Moonrise On Ophelia's Garden
In 1919 Canadian War nurse, Anna, moves to rural Elk Falls British Columbia to care for an elderly heiress with diabetes. Anna hopes that she can disappear in the rural village and stay true her lover who went missing in action in France. But, when she receives a desperate letter from her love, who was found and is being held at a mental institution, Anna is desperate to rescue him. Except she can't. The evening before her departure her patient in brutally murdered, and she is the prime suspect. Told by the Detective that she should stay in the village or risk arrest, Anna is determined to prove her innocence. Can Anna solve the mystery in time to save her love? Or will the time spent working next to a handsome detective sway her to forget?

*
The point isn't to write a cover blurb. It is just to organize your plot to make sure you have it all covered.

Ok, now I'm getting somewhere.

Type of story: Check
Character; Check
Goal: Check
Stakes: Check
Setting: Check
Conflict: Check

If you are planning a series you will have to do this five or six times, and they all need to be connected. So you could do a large, overarching plot, like suggested above, and then break it down into smaller pieces.
 
Last edited:

Corwynn

Troubadour
Personally, I would recommend putting the story first, and the number of books second. Setting out to write an entire series of novels is a daunting task, and it might turn out that you simply do not have enough material for four or five whole novels. Readers may also be hesitant to pick up a book that says "Book 1 of the Chronicles of ___________" because that means a major commitment and risk on the part of the reader, especially if the series isn't finished yet.
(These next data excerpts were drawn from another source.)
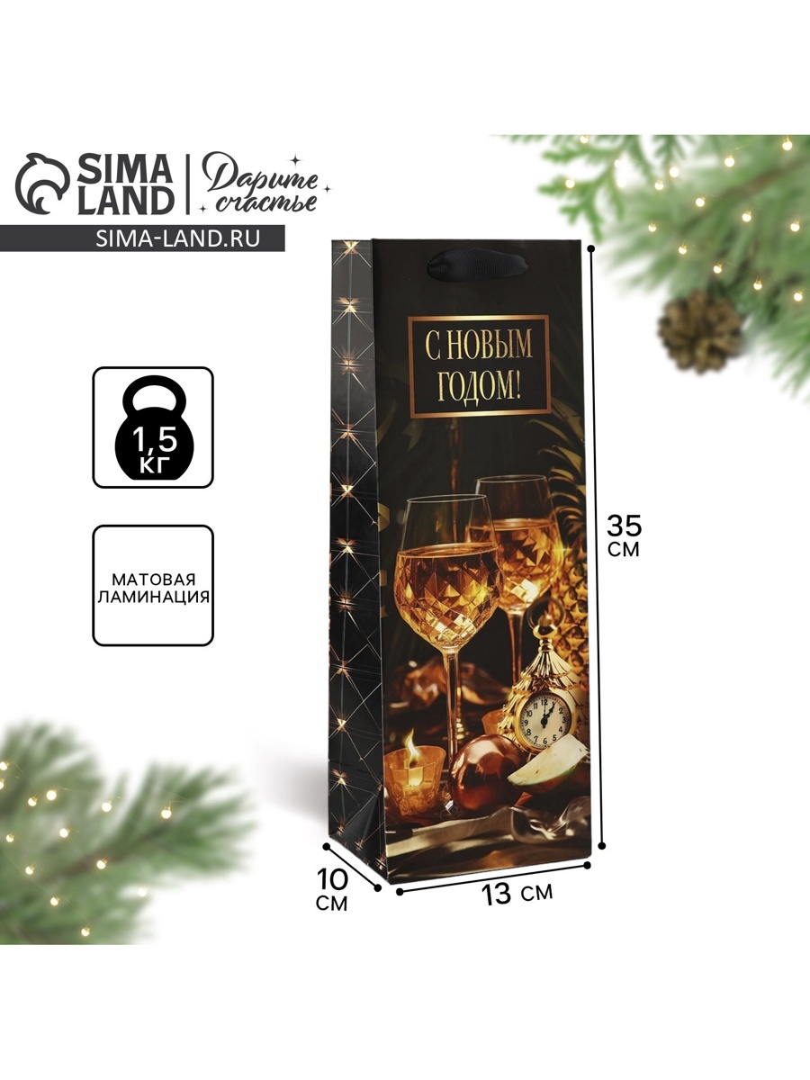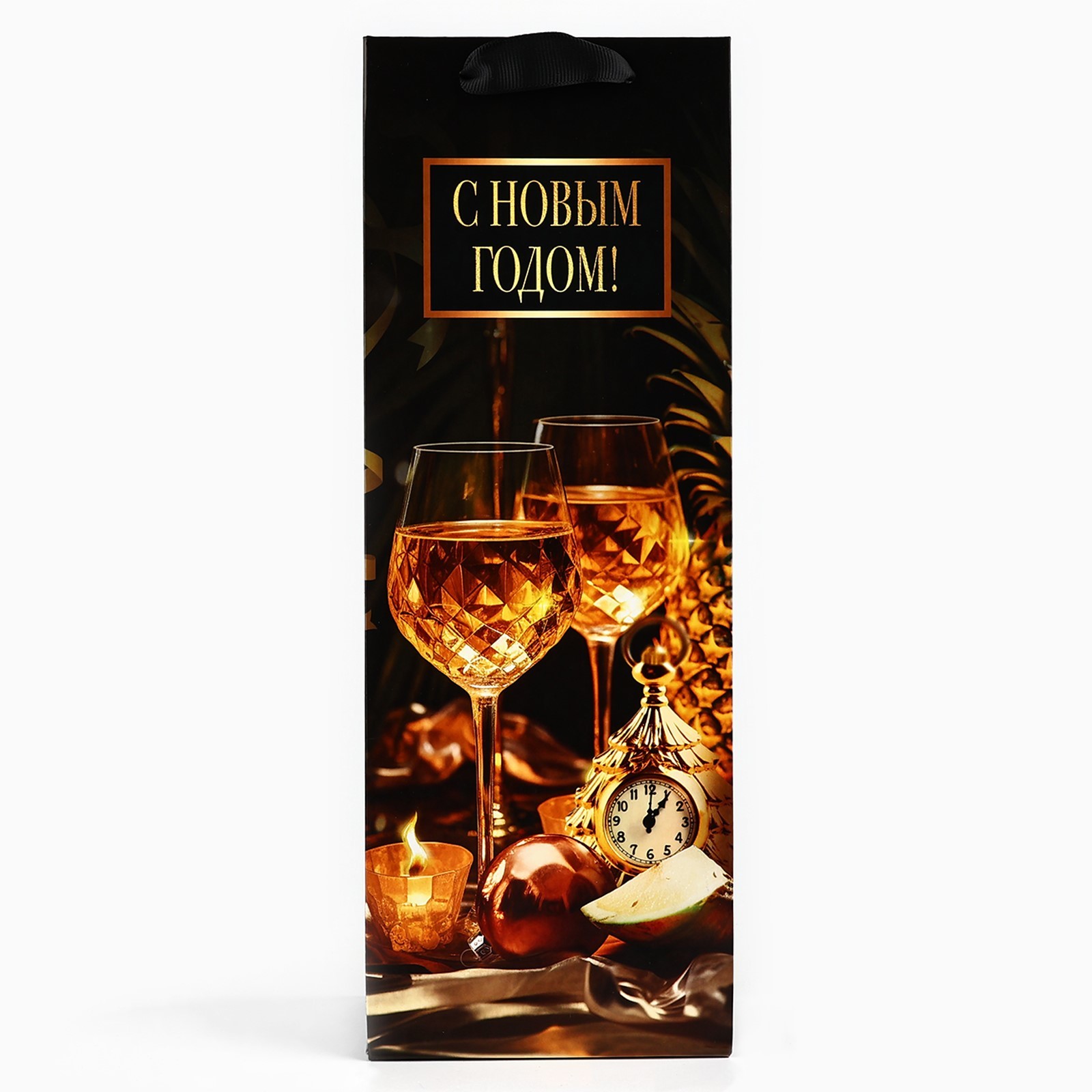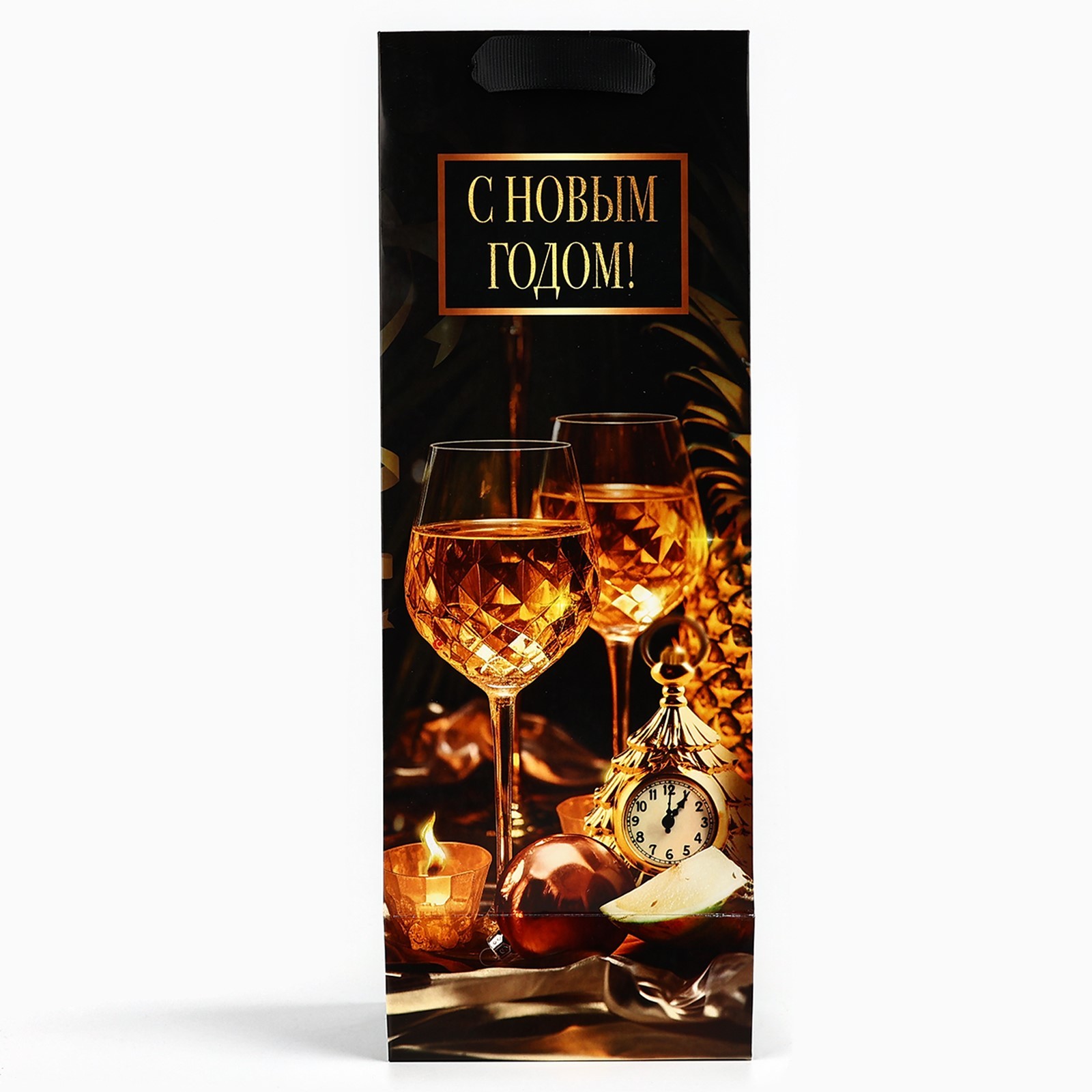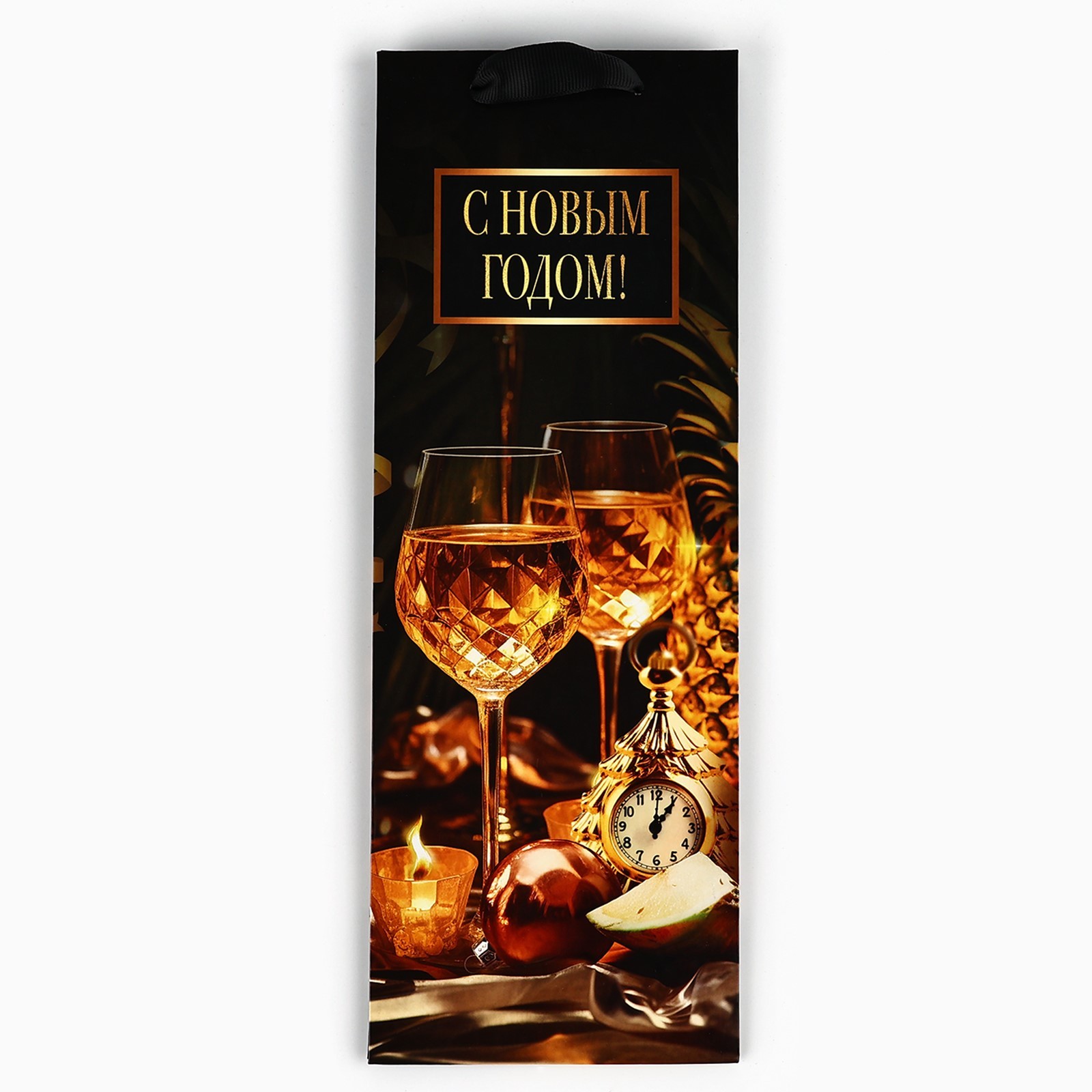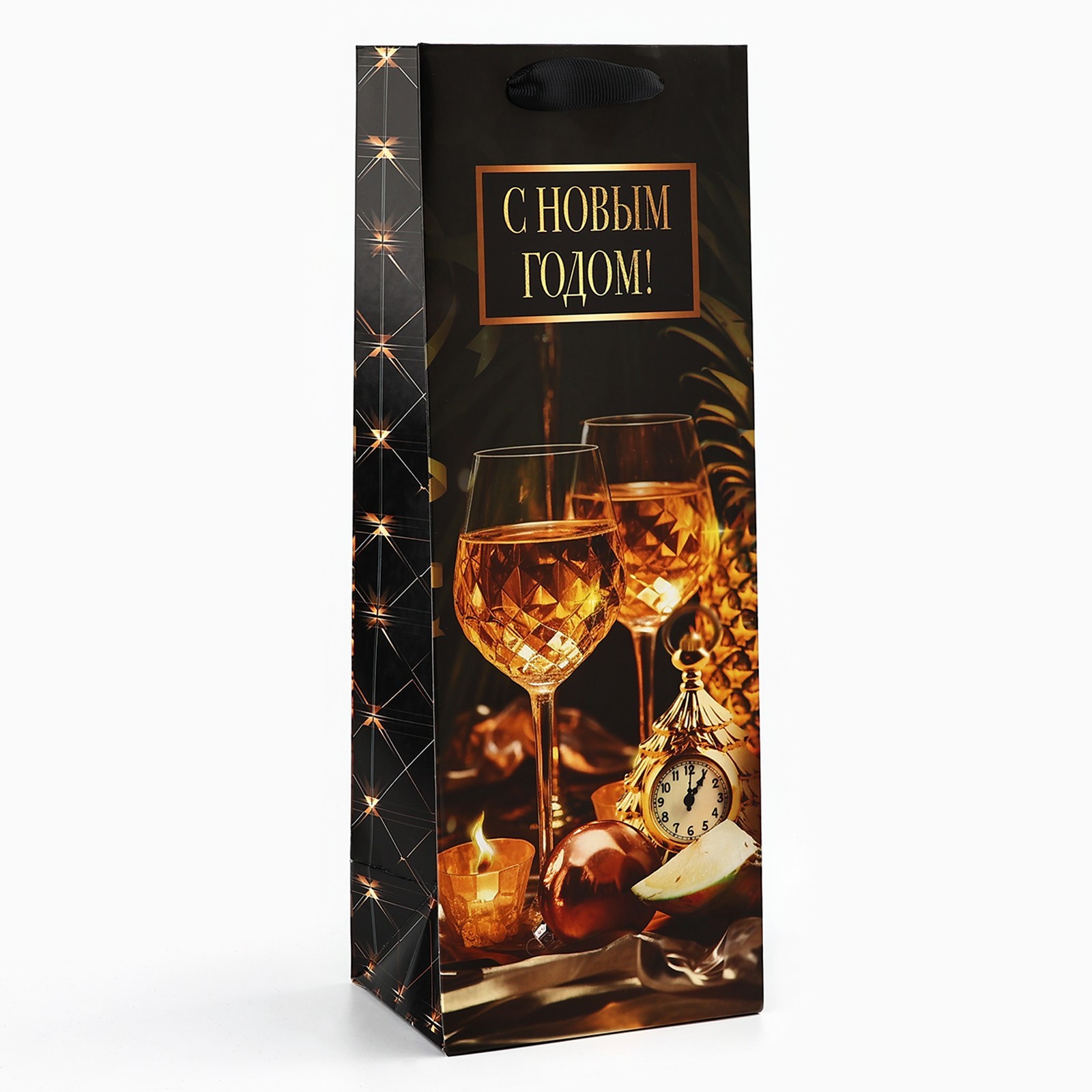 Пакет подарочный под бутылку «с новым годом», 13 х 35 х 10 см. Цвет:Чёрный|Для кого:Унисекс|Тематика:Новогодняя|Тематика праздника:Новый год|Материал:Бумага|Отделка пакета:Без отделки|Вид ручки:Ручка-лента|Страна:Китай  развернуть описание ▼
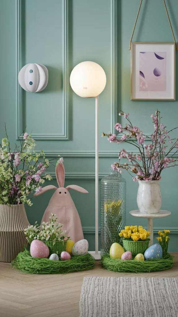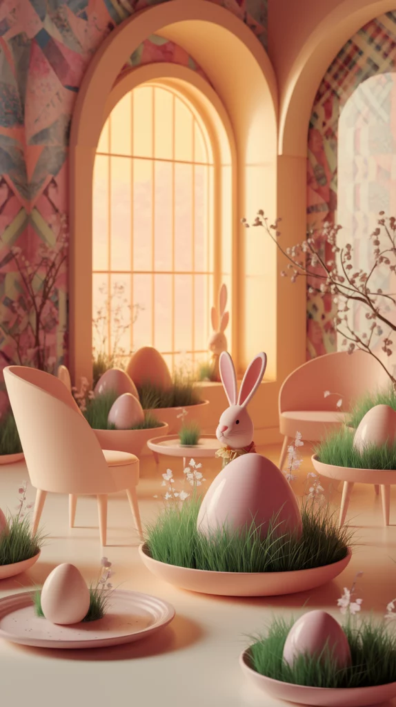 This part focuses on the new trends likely to emerge for Easter Decor 2025. The emphasis is on advanced design components that include eco-friendly, minimalist, and smart technologies. The space is furnished with modernistic furniture that is accentuated by clean lines, highlighting modern ceiling lights and clever twists of decor which redefine holiday interiors. Pay attention to the equilibrium of traditional and contemporary styles.
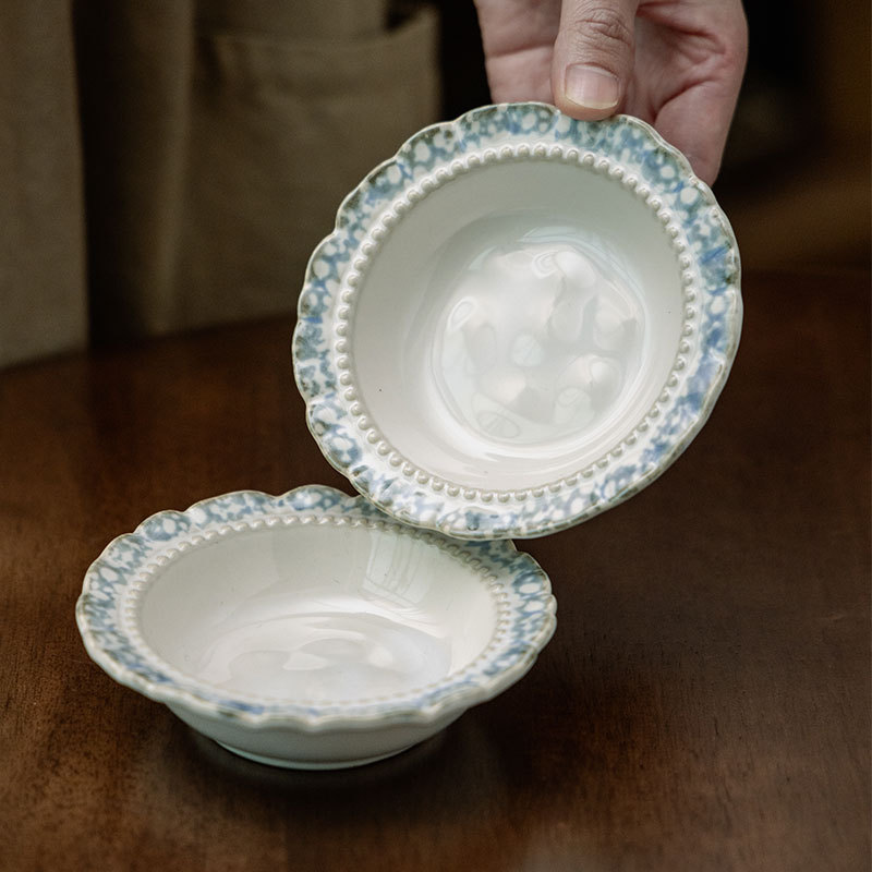法式复古风陶瓷味碟花边形甜品点心碟高级感家用餐具碟餐厅小菜碟
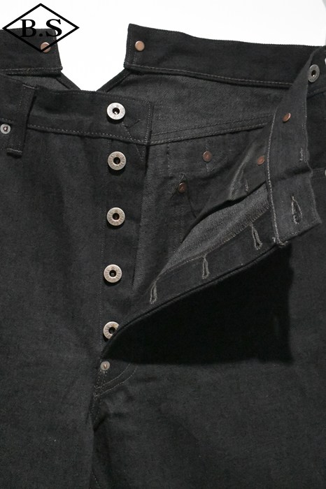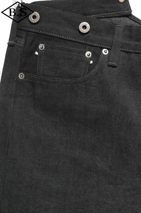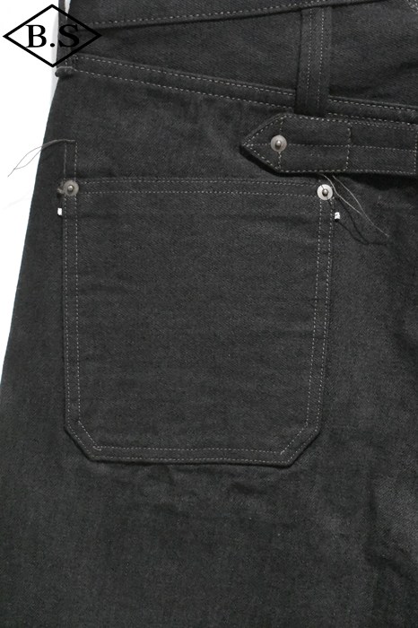 1920年代にフランスのレイルマンたちが着用していたヴィンテージ・デニムをベースにしたデザインで、深い股上と幅広のワタリによる迫力あるシルエットが特徴です。 ヴィンテージ・デニムを徹底解析し、現代に蘇らせたブランド・オリジナルのスペシャル・ファブリックを使用しています。縦方向にみられる明らかに普通のデニムとは異なる複雑で豊かな凸凹は、タテ糸に異なる3種類の太さの糸をランダムに配置している事からきています。大戦下の物資不足が背景にあり、太さの違う糸を端から順に配置し織り上げた、決して通常では行なわれない織上げ方法です。大戦下に生まれ、大量生産の波に飲まれてほんのわずかな期間しか存在しなかった幻のようなデニムです。
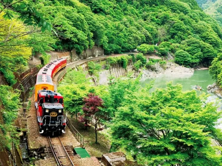 嵯峨野トロッコ列車:片道約7.3キロおよそ25分の列車旅。春は桜、夏は新緑、秋は紅葉と四季折々の景色はもちろん、国の登録有形文化財に登録された橋梁やトンネルなど、歴史ある鉄道風景も見どころのひとつです。 公式HP:https://www.sagano-kanko.co.jp/
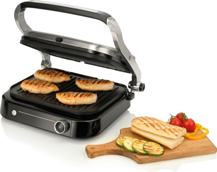 Смаження, запікання та приготування на грилі. Контактний гриль можна відрегулювати відповідно до товщини їжі, що на ньому готується. Крім того, верхню пластину гриля можна повністю відкинути назад, створивши другу поверхню для смаження на зразок відкритого гриля. Готуйте смачні та корисні страви на грилі. Мінімальний час приготування, інтенсивний і рівномірний розподіл тепла, прямий контакт з верхньою та нижньою гриль-пластинами зберігають поживну цінність та соковитість інгредієнтів, що готуються.
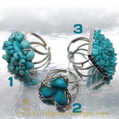 Anello in argento rodiato con sassi di turchese naturale con fili d’argento che li sostengono, tre modelli disponibili.
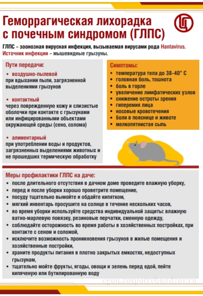 Геморрагическая лихорадка с почечным синдромом (ГЛПС) – острое инфекционное заболевание с поражением почек и кровеносных сосудов, выраженной интоксикацией, характерна весенне-летне-осенняя сезонность. Источниками хантавирусов являются грызуны. Инкубационный период при ГЛПС составляет от 4 до 49 дней (чаще 2-3 недели). Заражение инфекцией происходит: воздушно-пылевым путем – вирус в организм человека проникает через дыхательные пути вместе с пылью. Это может произойти в начале дачного сезона при уборке дачного домика, во время «сухой» уборки (подметания) в помещениях, заселенных грызунами, без соблюдения мер защиты, во время сельскохозяйственных работ, связанных с пылеобразованием на дачных участках, либо в быту при уборке сараев, гаражей; алиментарным путем – вирус попадает в организм при употреблении в пищу продуктов, питьевой воды, зараженной выделениями грызунов; контактным путем – вирус проникает через слизистые оболочки или поврежденную кожу при непосредственном соприкосновении с грызунами и предметами, загрязненными их выделениями. Клинические проявления ГЛПС обусловлены поражением почек. Острое начало болезни: резкое повышение температуры до 38–40 °C, головная боль, озноб, тошнота, ломота во всём теле; чуть позже присоединяются боли в пояснице и животе; боли в глазных яблоках и снижение остроты зрения (туман перед глазами, «мушки»). Больной человек не опасен для окружающих, так как не является источником инфекции! При появлении признаков заболевания после проведения работ, связанных с пылеобразованием, обратитесь за медицинской помощью и сообщите о фактах возможного контакта с мышевидными грызунами. В целях предупреждения заболевания необходимо обеспечить проведение комплекса профилактических мероприятий: в квартирах и частных домах осуществляйте своевременный ремонт дверных, оконных проемов, мест прохождения коммуникаций в стенах, перекрытиях, ограждений; храните пищевые продукты в недоступных для грызунов местах, в герметичных емкостях, не употребляйте в пищу поврежденные грызунами продукты; не принимайте пищу немытыми руками; не употребляйте некипяченую воду из открытых водоисточников; при появлении грызунов в городских и сельских строениях обращайтесь в специализированные организации для проведения дератизации; Основным способом предупреждения заболевания является борьба с грызунами, а также меры, направленные на предохранение от контакта с ними или их выделениями
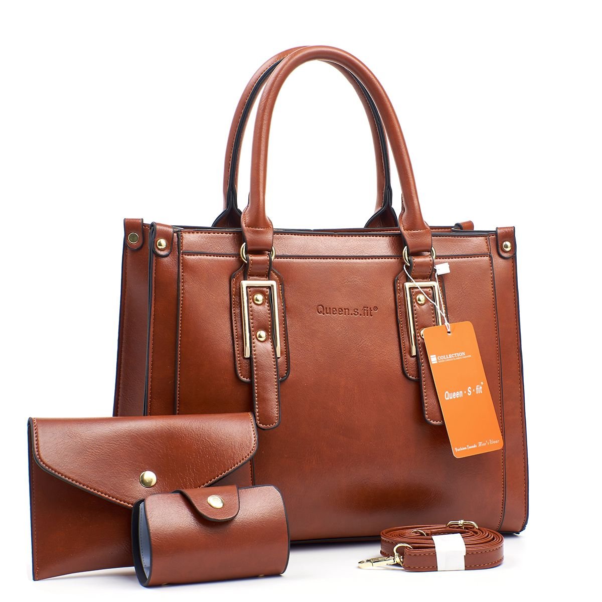 3in1 Queen Fit Buckle Ladies Handbag- ideal birthday gift anniversary gift and Valentine’s Day gift idea for wife mom sister auntie girlfriend cousin grandmother- wood Brown colour

I would suggest that you start writing the story first and see how far you get with it. It could be that you only have enough for a single novel, a novella, or even just a short story. If however, you find yourself over a thousand pages in with the ending still far away, then you would be justified in releasing it as multiple books. The story should be as long as it needs to be, no more and no less.
 

A. E. Lowan

Forum Mom
Leadership
A. E. Lowan Wow! I got something for the summer vacation. I didn’t know it’s going to be so long. By the way, I got only Vampire and dhampirs go together to a school yet. And I know that sub-plots can be problems like fights (with friends), love & desire, etc. Do you have any tip there?
Take it one step at a time. Conflict drives story. Even small conflicts keep things exciting. I write character-driven urban fantasy, so if it were me, I would begin with the characters. Who are they? What are their motivations? What brings them to this school? Why are there vampires and dhampir going to school together? Are there social/class differences between them?

I like to have a handful of subplots serving the books main plot, and you need to make sure to keep track of them. Subplots, for me, will normally arise from the characters themselves. In our first book, we (I'm one of a three person writing team) ended up with a wizard physician who turned out to be a stimulant addict, and the addiction was killing her. Major subplot. There were also developing relationships to follow and a succubus bent on revenge. All subplots.

Think of your story as a tapestry where you interweave your plot and subplots together.